• [Directions for this task]
Give back the whole listing verbatim, printing none of its pictures.

• [Exercise data]
******

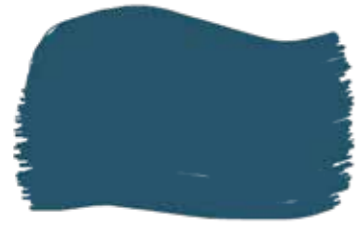
Navy cod. T3
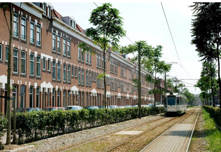
Ook woningen in de Spanjaardstraat in Rotterdam zijn van Com•Wonen.

belangrijk dat we een hogere mate van stabiliteit en continuïteit aan onze interne medewerkers kunnen bieden door overal over te gaan op glas”.

******

• [Task answer]
Navy cod. T3
Ook woningen in de Spanjaardstraat in Rotterdam zijn van Com•Wonen.

belangrijk dat we een hogere mate van stabiliteit en continuïteit aan onze interne medewerkers kunnen bieden door overal over te gaan op glas”.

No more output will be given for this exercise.